A quick fact: This has virtually no affect on Schism. My Team has been doing all the hard work, and using it as a tool to help them grow has been my focus anyway, so there will be no change there. It is still number one priority, until we turn our attention back to the Model E. The only difference, for Schism, is I will give the Team a _little_ more discretion in design and execution. 

Now, about Pistachio. It's going to be built from sratch - surprise, surprise - on our G-bucket platform. "1964", is an arbitrary number, chosen because that's the year I was born, and I have often toyed with the idea of having an old car of the same _vintage_. The frame is already built, and was going to be the G-bucket kit car prototype - I'm claiming it in return for surrendering my toy for the good of the organization. It will be gas/electric hybrid, with the Ninja motorcycle engine from Scrape, and a little AC motor I nabbed for $25. My goal is to rewind it to meet my needs (as much for the experience as for saving a buck). If that plan fails it will, eventually, be replaced with an HPEVS motor of the same size. I want to build a P&S AC inverter when there is a kit, or enough parts and "how-to" available to suit my novice needs.

Without further ado, meet Pistachio:

















The CAD renderings are rough because I am sorting out the basic layout and form with a free (Google SketchUp) 3D model of the body. I will eventually remodel the entire thing with NURBS modeling, where I'm working, in Rhino. I could smooth out the meshes, but that just slows my system down, for no real benefit. So far, the body has been reshaped pretty extensively; including much, much, larger flares (I think they qualify as fenders at this point - kind of VW-ish), rolled front and rear fasicas, and shaving a lot of little extra crap.

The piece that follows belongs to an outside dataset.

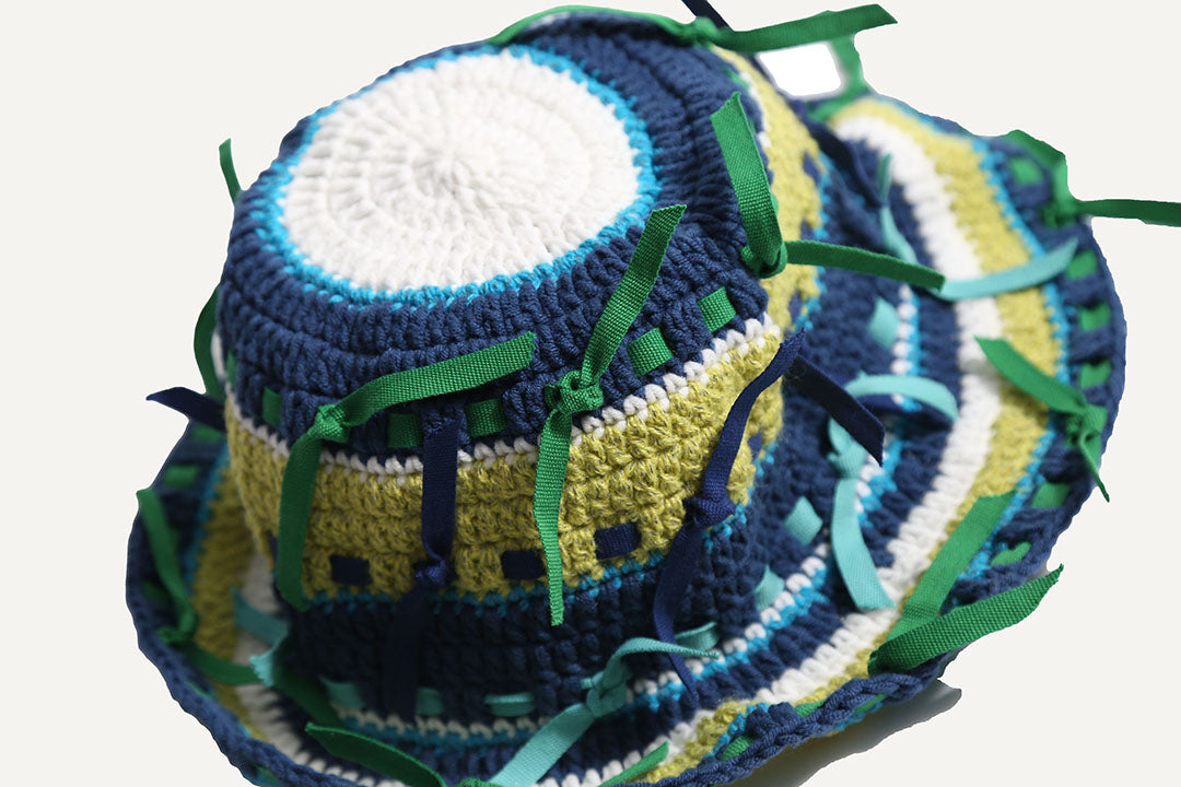 Thoughtfully crafted and handmade, this bucket hat will take your little one's outfits to the next level! Made up of various colored yarns in a stripe pattern with hits of the reflective and glow and the dark yarn mixed in. Ribbons are intertwined through the hat adding a beautiful detail to this already fun style. Makes for a fun crocheted ensemble when worn with any of this season's yarn cardigans and vests.

Those are 345mm section width rear tires!  The suspension will be Pontiac Fiero front and rear - no modifications, just custom brackets to mount it (and no crazy "Todd" style brackets, just neat steel brackets). It will have a full cage, probably at least close to NHRA/SCTA specs, for what it's worth, considering the 73" wheelbase isn't legal. I may have a loophole there though because they (NHRA) say, unless the OEM wheelbase was less than 90" - I'm currently about 1/2" longer.  The cage is really for safety on American, SUV-infested, streets. The Fiero suspension parts are on the shelf, except for two rear knuckles - about $100. I have four huge foam blocks to cut the body plugs from (more CAD/CNC, ShopBot carved stuff). The Ninja motor supposedly just needs a head gasket... I plan to remove the pinion shaft and gear, cut the front off the Toyota IRS diff I have, replace the ring gear with a sprocket, and fabricate a chain case. The Ninja motor will drive it via chain.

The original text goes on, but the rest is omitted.